### About this exercise
Starting with the line below that holds "ضمن الجهود العلمية" and stopping after the line that holds "14oz Cone Mills", transcribe the lines exactly, leaving out all pictures.

### Source records

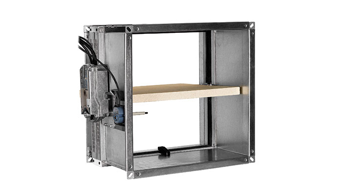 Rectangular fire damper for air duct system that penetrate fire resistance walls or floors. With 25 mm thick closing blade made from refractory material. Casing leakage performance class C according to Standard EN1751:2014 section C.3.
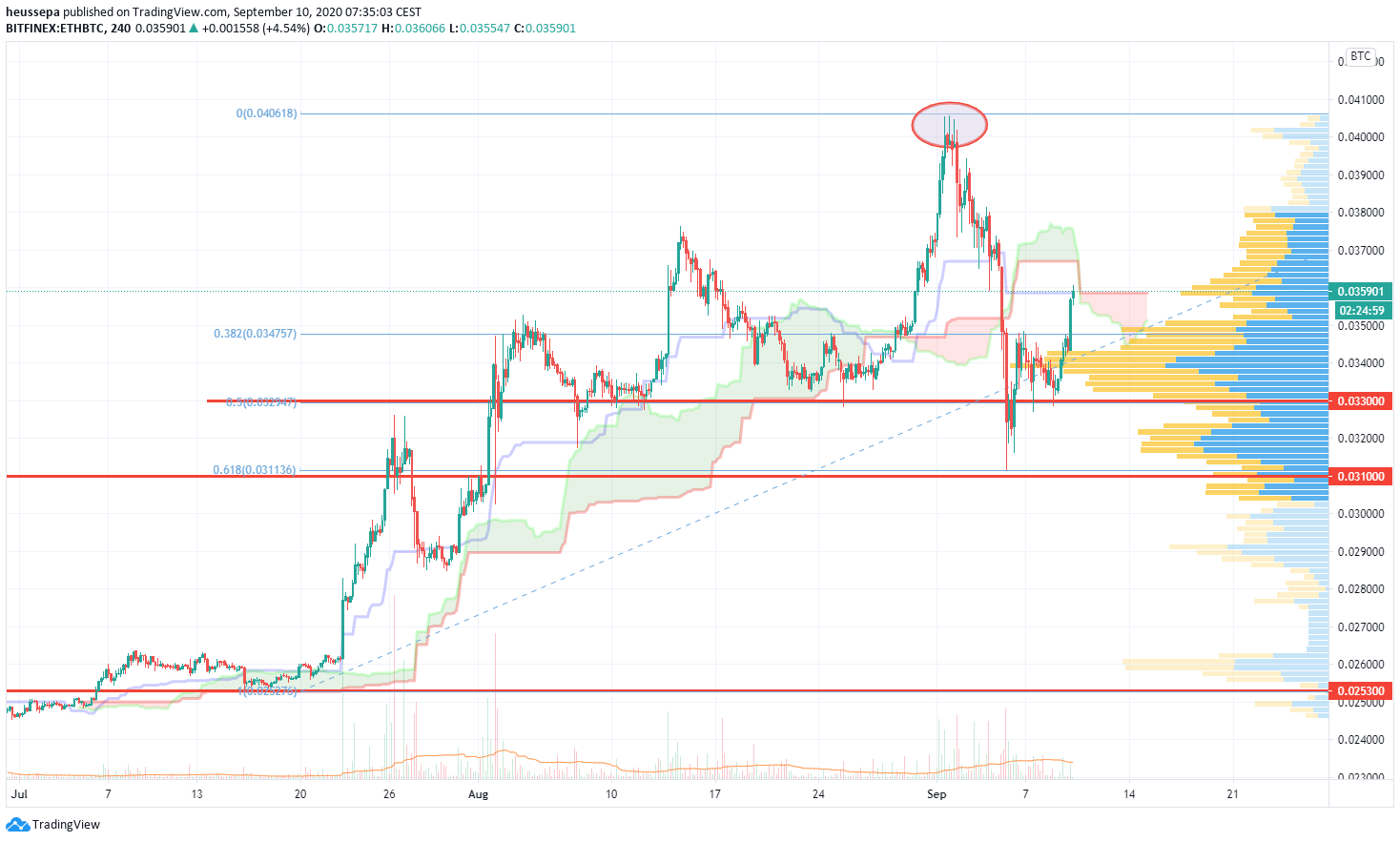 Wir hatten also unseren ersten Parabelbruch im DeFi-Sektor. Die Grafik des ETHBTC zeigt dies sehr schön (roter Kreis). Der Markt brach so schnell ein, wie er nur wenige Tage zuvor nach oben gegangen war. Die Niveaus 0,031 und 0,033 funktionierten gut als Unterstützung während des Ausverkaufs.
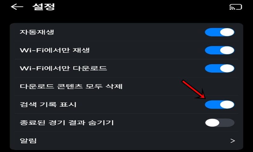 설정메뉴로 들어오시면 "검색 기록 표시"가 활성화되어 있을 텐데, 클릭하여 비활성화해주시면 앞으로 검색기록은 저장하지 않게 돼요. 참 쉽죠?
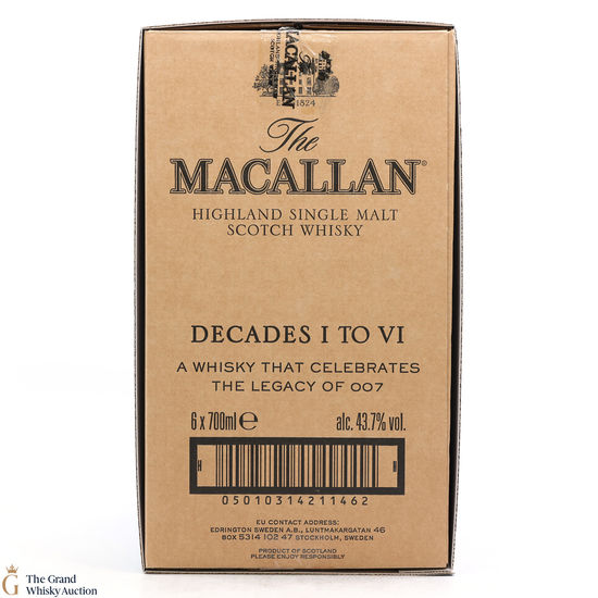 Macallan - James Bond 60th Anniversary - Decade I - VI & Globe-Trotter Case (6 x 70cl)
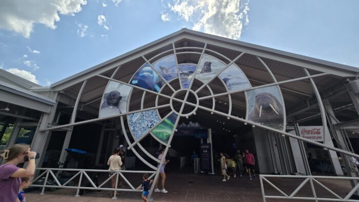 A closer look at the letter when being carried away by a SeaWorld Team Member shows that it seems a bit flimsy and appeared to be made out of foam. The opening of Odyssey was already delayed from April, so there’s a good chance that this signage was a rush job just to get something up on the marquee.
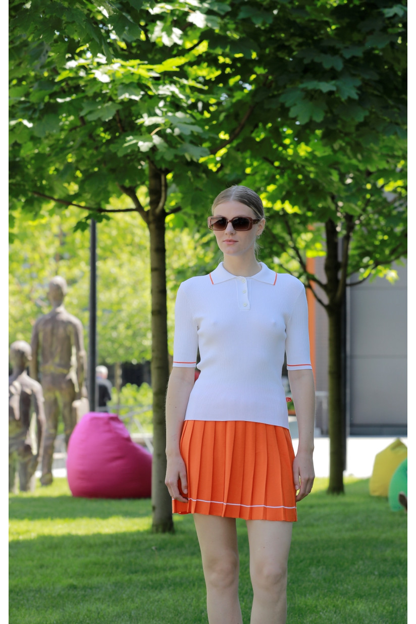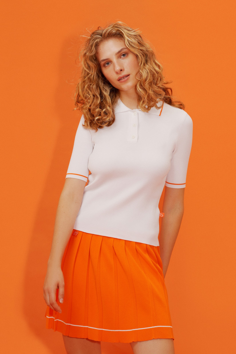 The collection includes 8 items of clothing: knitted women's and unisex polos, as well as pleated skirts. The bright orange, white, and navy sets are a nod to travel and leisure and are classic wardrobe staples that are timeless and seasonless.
* * *
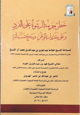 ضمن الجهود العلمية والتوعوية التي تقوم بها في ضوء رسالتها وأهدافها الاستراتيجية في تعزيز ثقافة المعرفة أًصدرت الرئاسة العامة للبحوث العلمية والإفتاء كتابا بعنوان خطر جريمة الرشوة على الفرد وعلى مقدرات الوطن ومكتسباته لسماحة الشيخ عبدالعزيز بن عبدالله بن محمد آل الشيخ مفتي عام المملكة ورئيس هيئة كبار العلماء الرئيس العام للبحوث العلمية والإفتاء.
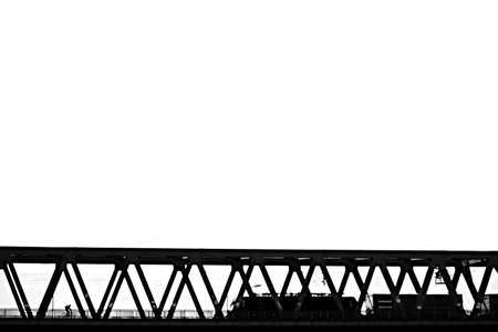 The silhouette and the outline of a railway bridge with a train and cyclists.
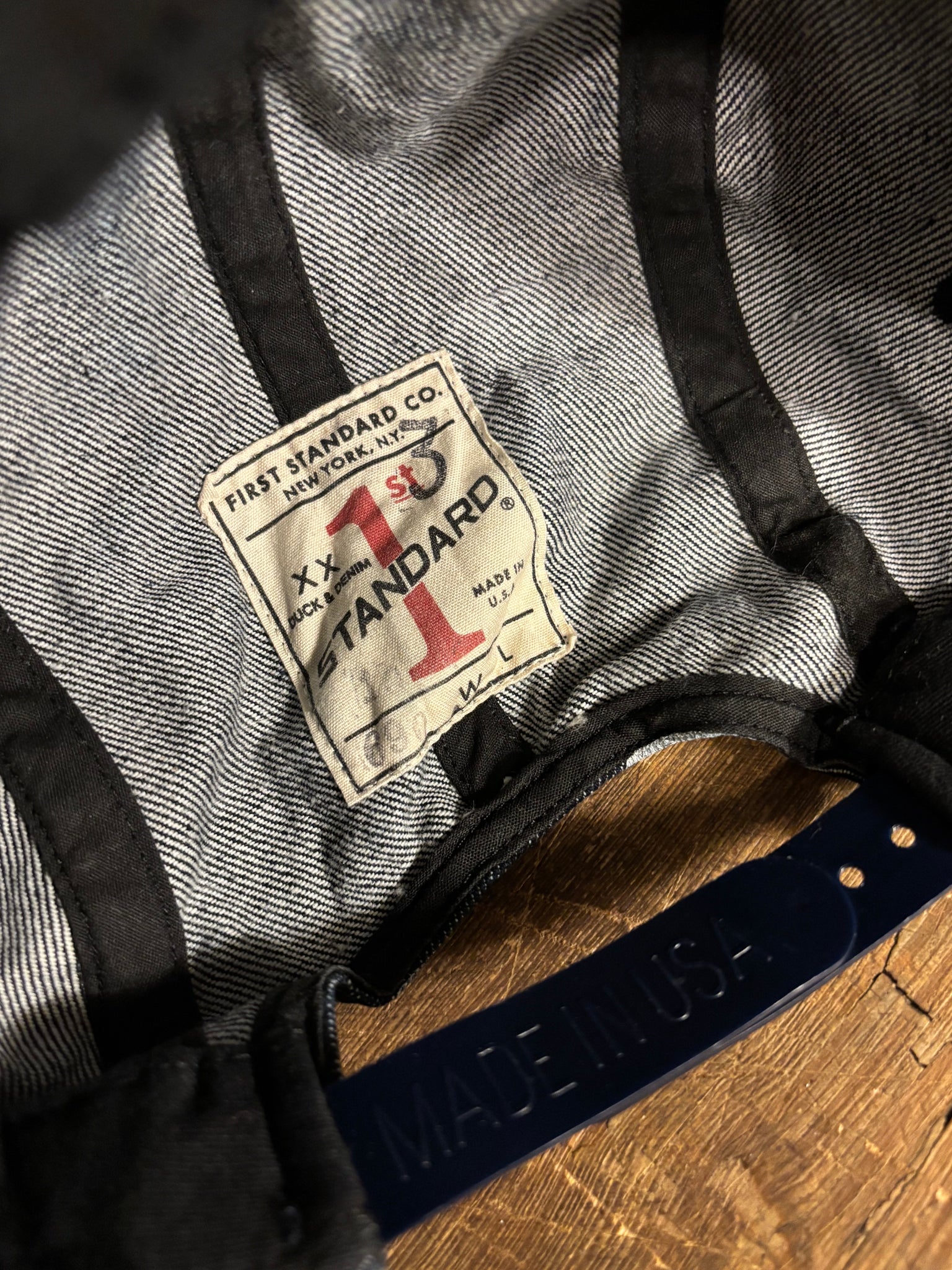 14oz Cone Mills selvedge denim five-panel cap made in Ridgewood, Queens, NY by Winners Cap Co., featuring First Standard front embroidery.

### Answer below
 ضمن الجهود العلمية والتوعوية التي تقوم بها في ضوء رسالتها وأهدافها الاستراتيجية في تعزيز ثقافة المعرفة أًصدرت الرئاسة العامة للبحوث العلمية والإفتاء كتابا بعنوان خطر جريمة الرشوة على الفرد وعلى مقدرات الوطن ومكتسباته لسماحة الشيخ عبدالعزيز بن عبدالله بن محمد آل الشيخ مفتي عام المملكة ورئيس هيئة كبار العلماء الرئيس العام للبحوث العلمية والإفتاء.
 The silhouette and the outline of a railway bridge with a train and cyclists.
 14oz Cone Mills selvedge denim five-panel cap made in Ridgewood, Queens, NY by Winners Cap Co., featuring First Standard front embroidery.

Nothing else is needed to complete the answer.